The viewer is aware of how surface-level Tandav is, but it's impossible to not be entertained by its relentless devotion to entertainment. The premise is infectious and the twists, corny and outrageous. Over the years, Amazon India's think tank seems to have located – and destigmatized – a middle ground between cinematic and crass, between risk and frisk.
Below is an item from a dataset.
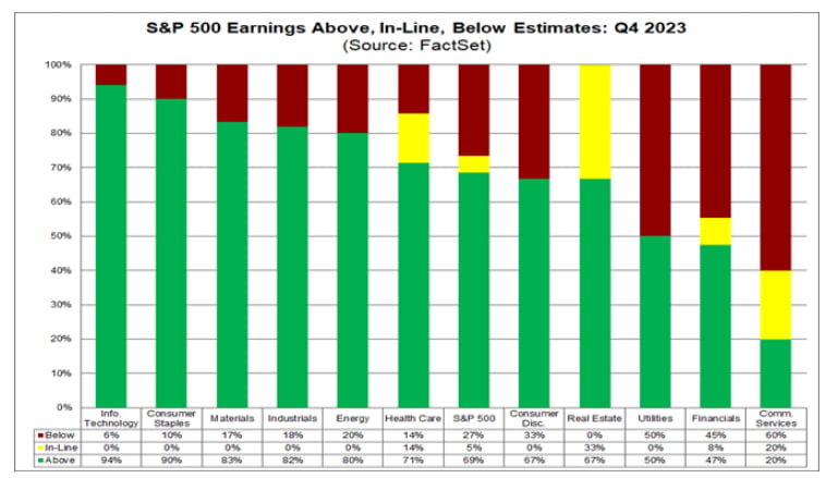 현재까지 4분기 어닝시즌은 수준 이하입니다. 팩트셋에 따르면 이번 주까지 S&P500 기업 중 25%가 실적을 보고했는데 이들 중 69%만 추정치보다 높은 주당순이익(EPS)을 내놓았습니다. 이는 5년 평균 77%, 10년 평균 74%보다 낮습니다. 전체적으로 기업들은 월가 추정치보다 5.3% 낮은 이익을 보고하고 있습니다. 이것도 5년 평균(+8.5%), 10년 평균(+6.7%)보다 나쁩니다. 팩트셋은 보고한 기업과 아직 보고하지 않은 기업의 추정치를 합산하면 4분기 어닝시즌 이익은 전년 동기보다 1.4% 감소할 것으로 추정했습니다. 지난 주말의 -1.8%보다는 개선됐지만, 작년 말 추정치 1.5% 증가보다는 못합니다. 물론 이는 지역은행 등 금융사들이 나쁜 실적을 내놓은 탓이 큽니다.

Ali Abbas Zafar, the creator-director of Tandav and frequent Salman Khan collaborator, struggles to shake off old habits. The background score moodily switching between scenes is a prime indicator of his masala roots. As are the awkward VNU campus portions, whose angsty extras resemble those of Aap Mujhe Achche Lagne Lage and Rok Sako To Rok Lo rather than Yuva or Rang De Basanti's. But Zafar is also the only recent director who squeezed a performance out of the famously clunky superstar in Sultan. In the verbal battlegrounds of Tandav, where an urgent soundtrack merges one scene into another, Zafar's exaggerated sense of moments is useful. Whether it's Samar Pratap Singh's ominous Frank-Underwood-ish mannerisms of massaging his ring finger or Sonia Gandhi stand-in Anuradha Kishore's (a riveting Dimple Kapadia) chameleon-like rage, the performances commit to an absolute tone. There are some misfires, like Zeeshan Ayyub's wide-eyed ambiguity and Sarah Jane Dias' exists-to-look-lusciously-at-Saif muteness (Nana Patekar in Rajneeti comes to mind). But most of the supporting cast – namely Sunil Grover as Samar's loyal Doug (a more menacing cousin of Sikander Kher in Aarya), and Kritika Kamra as troubled VNU student Sana Mir – grab their chance to shine. On an unrelated note, it's nice to see Dino Morea return in a rugged beard; it almost passes him off as a JNU pol-science professor. Almost. 

After the pensive nobility of Sacred Games' Sartaj Singh, it's only natural for Saif Ali Khan to choose the role of the crowd-pleasing bad guy. It's true that he could have played Samar Pratap Singh in his sleep. But it's also true that he isn't built to overplay the concept of villainy. His is the kind of simmering authority that faithful deputies – as well as unsure viewers – strive to impress. By extension, many of his negative roles thrive on intellectual subterfuge. In one of the scenes, he addresses a student body with such sincerity that one suspects he's actually playing the part of a gifted orator instead of pretending to be one. A brisk hug later, the spell is broken. This marked ability to switch between the blinding whites of his early career and measured blacks of a weathered veteran results in a strangely attractive shade of grey. It's a grey that aids the world-building of a series whose palette has everything to do with colour and little to do with politics. After all, seeing – in the midst and mist of Tandav's Delhi – is imagining.